Eccoci qui, ancora una volta a raccontare il malessere generalizzato che dall’inizio di questa stagione attanaglia gli appassionati tifosi rossoneri.

La Lucchese e’ rinata, certamente, ma a quale costo?

Quando parliamo di costo non ci riferiamo di certo ai soldi, ma parliamo, pensiamo, all’immagine.

L’immagine di un club storico e prestigioso come quello rossonero, un club calcistico nato oltre 114 anni fa.

Alti e bassi, serie minori, ma anche tanta Serie A e B, con giocatori messi a disposizione anche della Nazionale Italiana.

Il passato non si scorda, e’ scritto, ed e’ proprio per questo che in molti, in tantissimi stanno vivendo questo momento “transitorio: come una vera e propria gogna, anche mediatica.

“Siete voluti ripartire dalla Serie D con gente non all’altezza della situazione ed ecco i risultati”, lo sfogo di un giovane tifoso rossonero…

“Non mi piace questo gruppo dirigente – ci scrive Francesco – ed ho deciso di non venire piu’ allo Stadio. Badate bene – prosegue Francesco – in vita mia, ed ho 59 anni, ho mancato a sole due gare della Lucchese perche’ facevo il militare”.

“Sono stanco, stufo di vedere la Lucchese umiliata nei campetti di periferia” – scrive Andrea – Chi ha deciso questo progetto di rinascita si deve frugare nel portafoglio e portare a Lucca giocatori all’altezza.

Lucca, la Lucchese, se gioca in Serie D lo deve fare solo ed esclusivamente per vincere”.

Questi sono solo alcuni degli sfoghi che quotidianamente riceviamo in redazione, ma che adesso (visto che crescono di settimana in settimana a causa dei pessimi risultati della squadra) abbiamo voluto riproporre a voi. Voi che amate la Lucchese, voi che seguite la squadra in casa e in trasferta e che, purtroppo, ogni domenica che passa, trascorre, siete sempre meno sugli spalti dello Stadio. Una disfatta.

Per quanto ci riguarda, parliamo di Tifolucchese, abbiamo espresso piu’ di una volta ai nostri lettori che siamo decisamente stanchi di parlare solo di societa’, politica, manovre varie ecc.

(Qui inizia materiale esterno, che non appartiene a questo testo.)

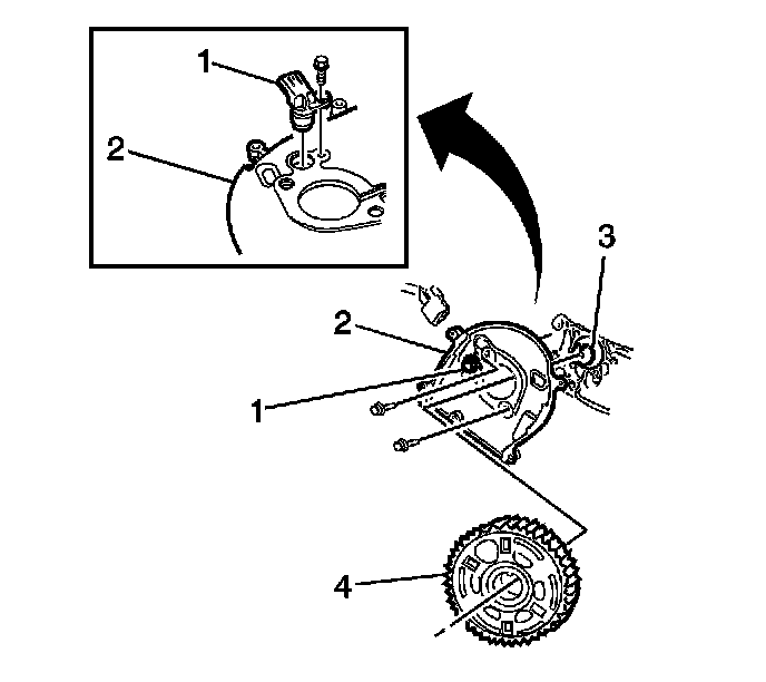 The camshaft position (CMP) sensor (1) is fastened to the backside of the timing belt cover (2) of the left bank cylinder head. The cam gear (4) is attached to the left bank camshaft (3) inside the timing belt cover (2). The CMP sensor signal rotor is integral to the cam gear (4). The signal rotor has three unevenly spaced teeth. When each tooth of the signal rotor moves past the CMP sensor (1), an electrical signal is generated. These AC signals, three per camshaft revolution, are sent to the PCM.
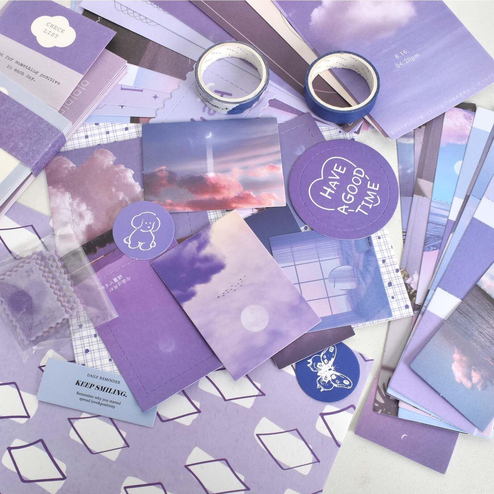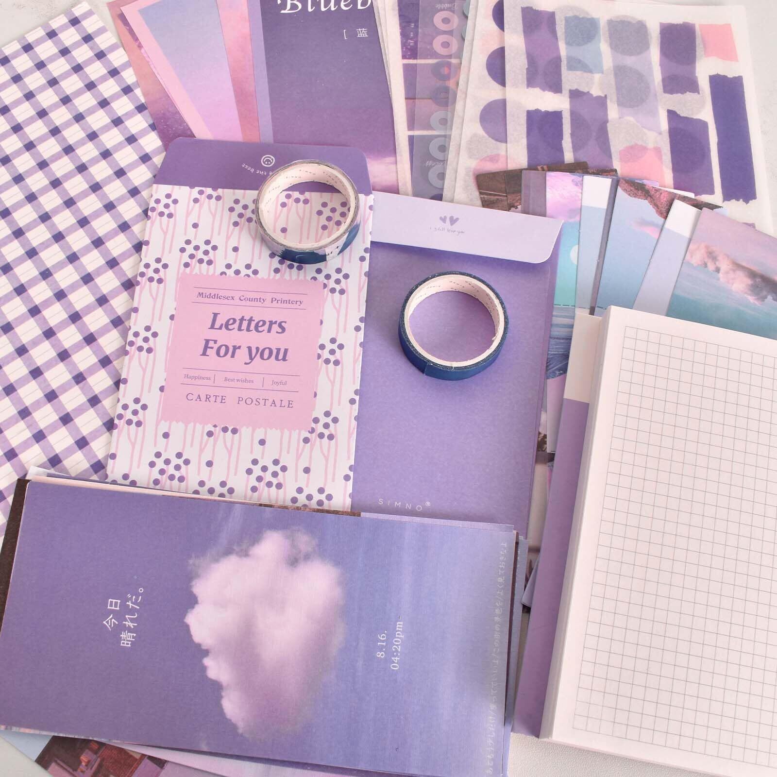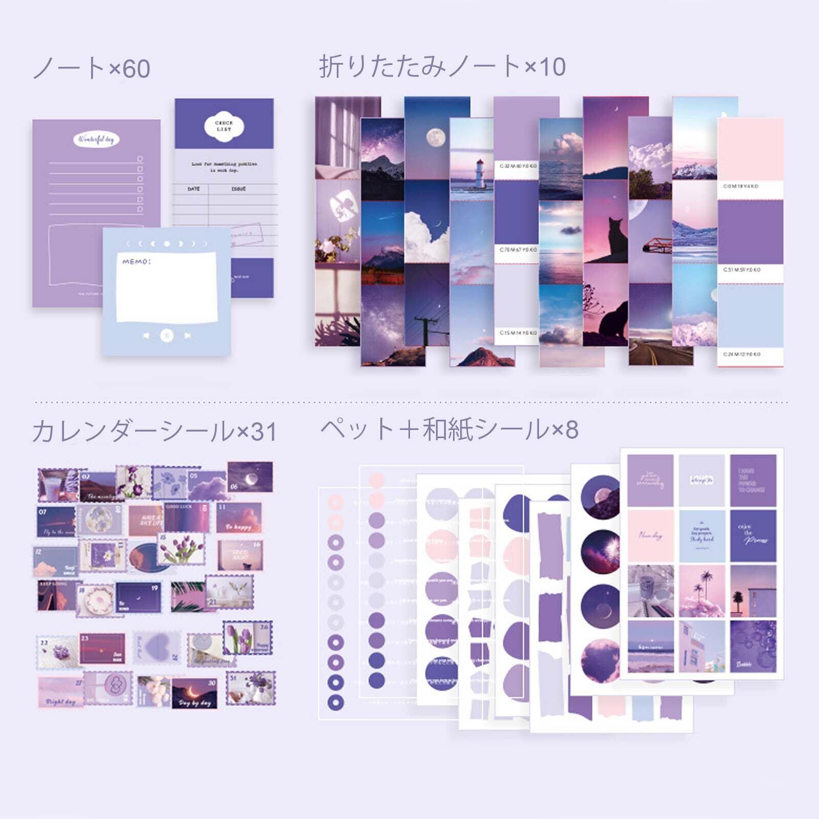 日記帳 セット 手帳 可愛い 紫 スクラップブッキング キット バレットジャーナル ノート A6 手帳 素材セット 子供 小学生 女の子 プレゼント 卒業記念品 文房具 進学 新学期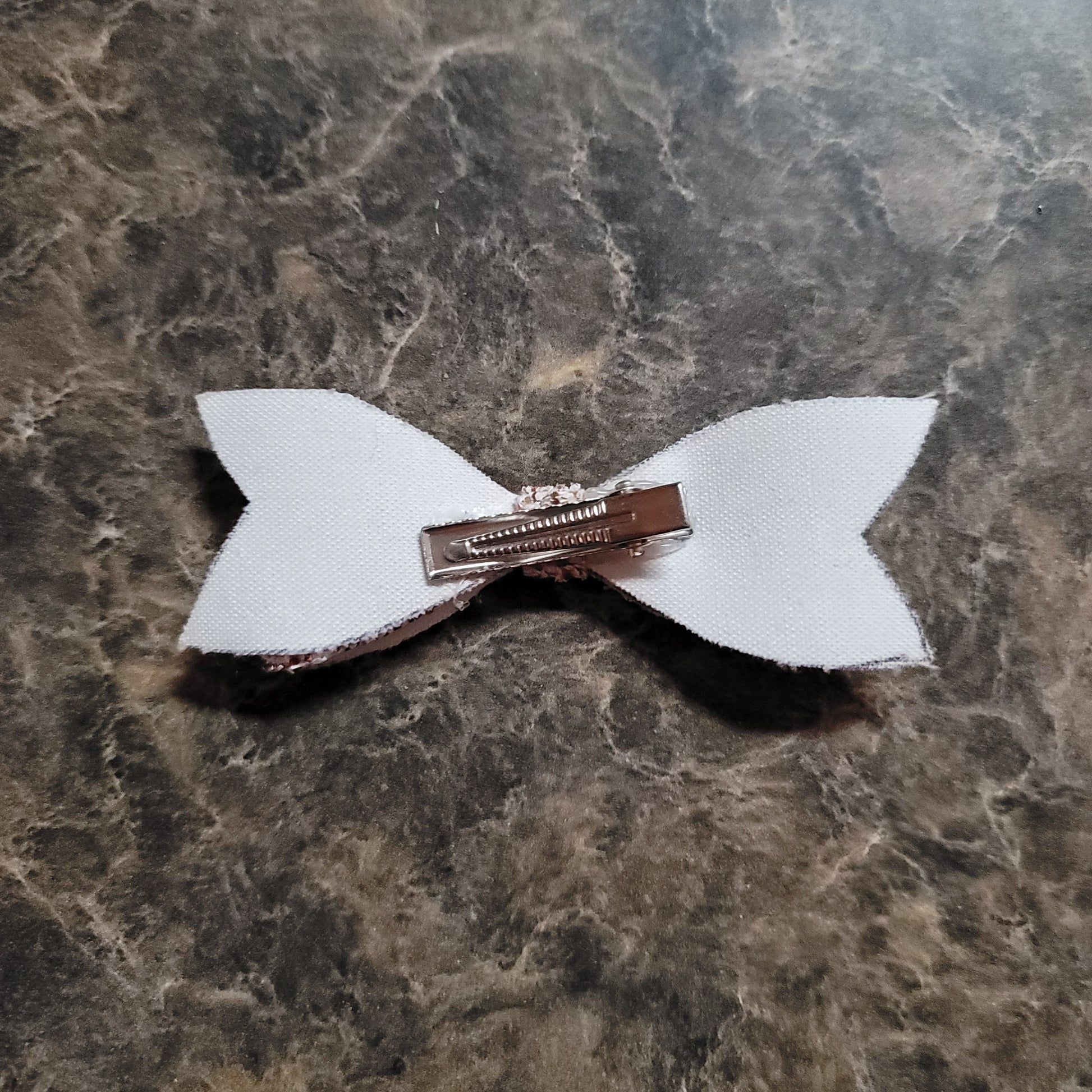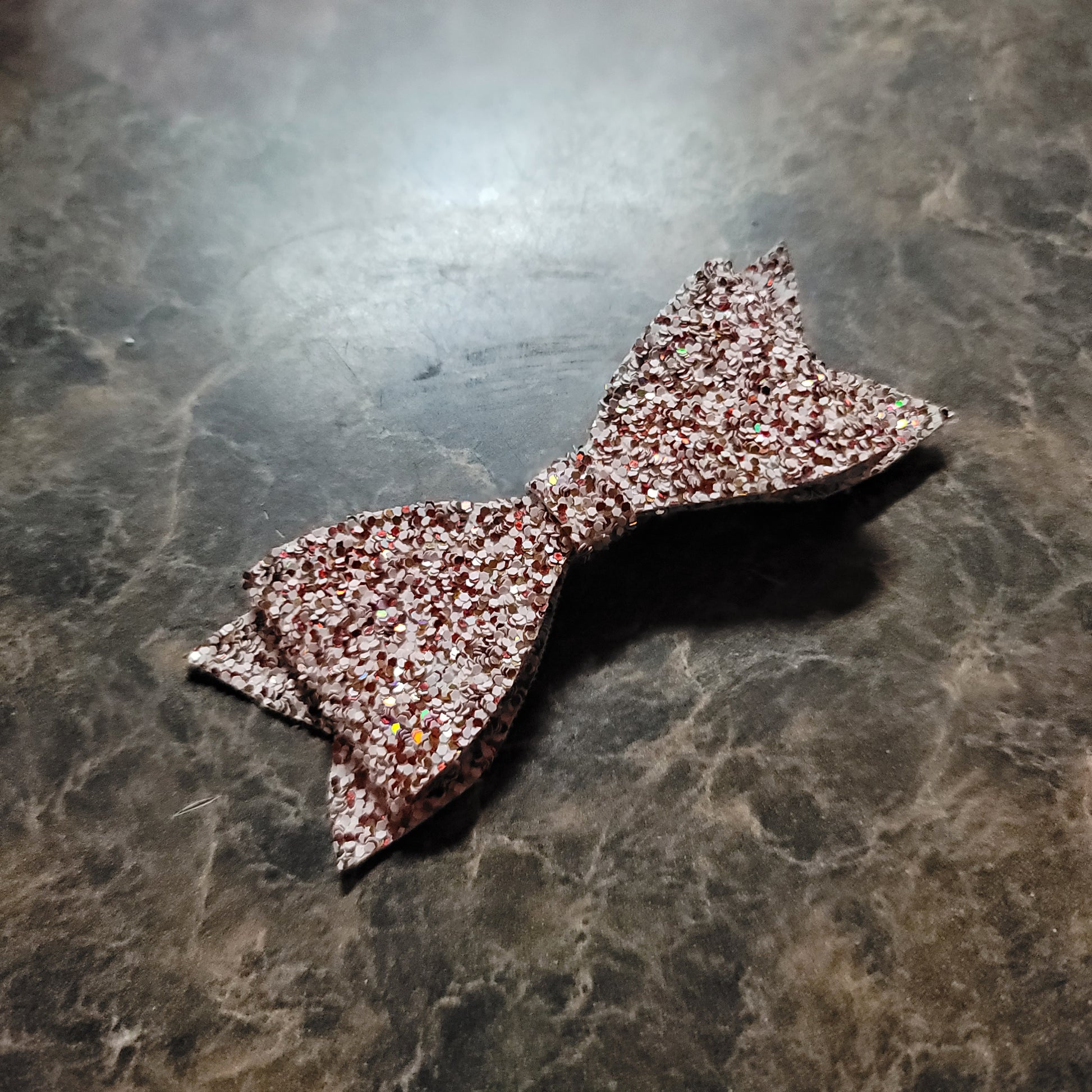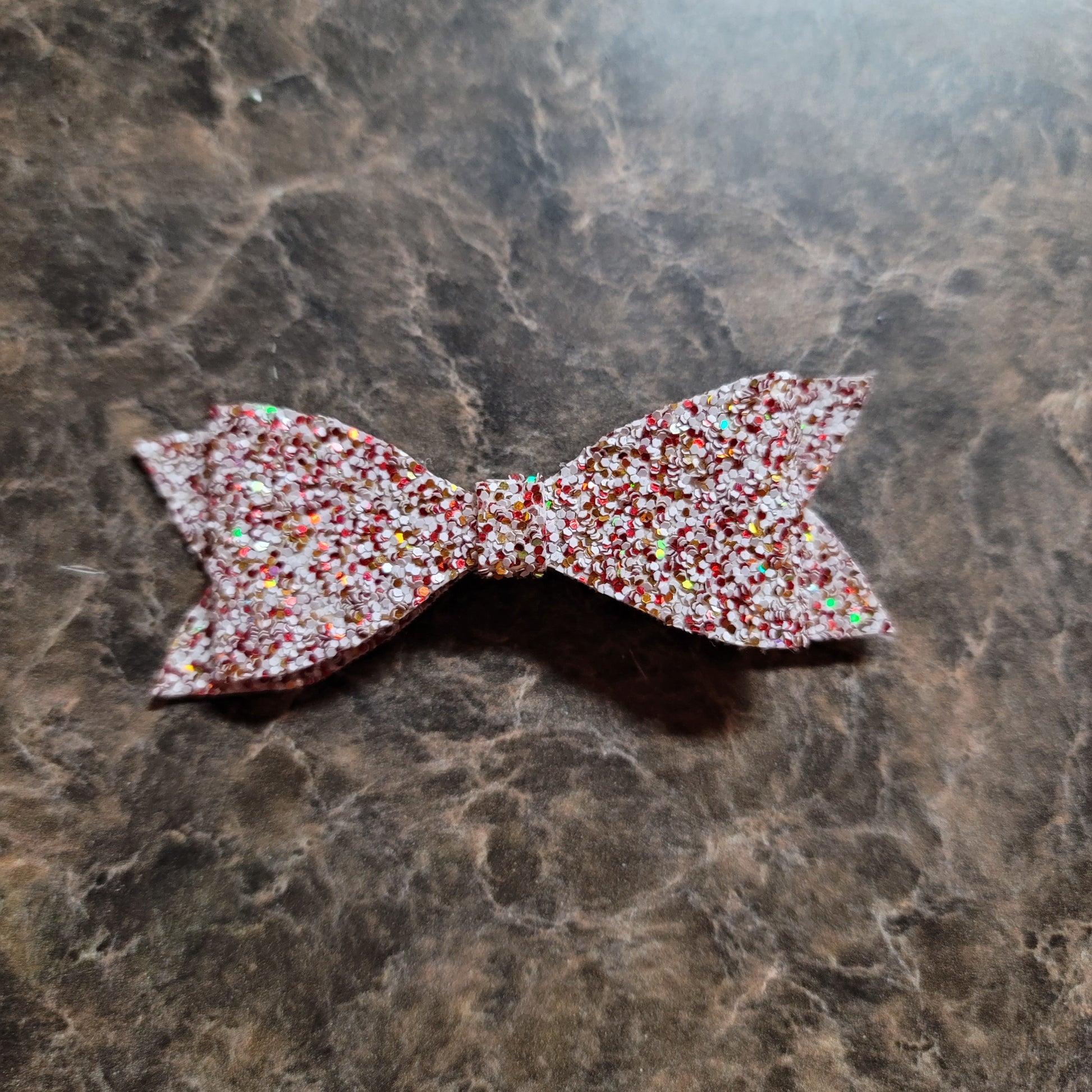 Red and green glitter material with soft backing. Small bow secured on an alligator clip.

Vorremmo parlare solo ed esclusivamente di calcio, giocatori, moduli, mercato, avversari, ma le circostanze, almeno da 5-6 anni a questa parte, ce lo hanno impedito, ci hanno limitato drasticamente.

Insomma, vorremmo parlare solo ed esclusivamente di calcio giocato e, come noi, anche i tifosi della Pantera.

Il vaso e’ colmo, decisamente colmo, ed in troppi si stanno allontanando dal Porta Elisa per i motivi, le ragioni, sopraelencate.

Se qualcuno vuole e puo’ far qualcosa per arginare questa enorme falla bene, altrimenti il Porta Elisa diventera’, a breve, un “teatro” privo di spettatori, anche quelli che a suo tempo hanno sottoscritto un abbonamento.

Forza e coraggio Pantera….. vediamo se anche questa volta saprai stupire tutti. Se cosi’ non sara’, grazie ed arrivederci. Questo e’ il pensiero dell’80 per cento dei sostenitori rossoneri.

Intanto, per tentare di rasserenare tutto l’ambiente, vediamo di vincere domenica contro il Fossano, squadra della PROVINCIA di Cuneo da 24mila abitanti e con una storia calcistica che va dall’Eccellenza al massimo della Serie D.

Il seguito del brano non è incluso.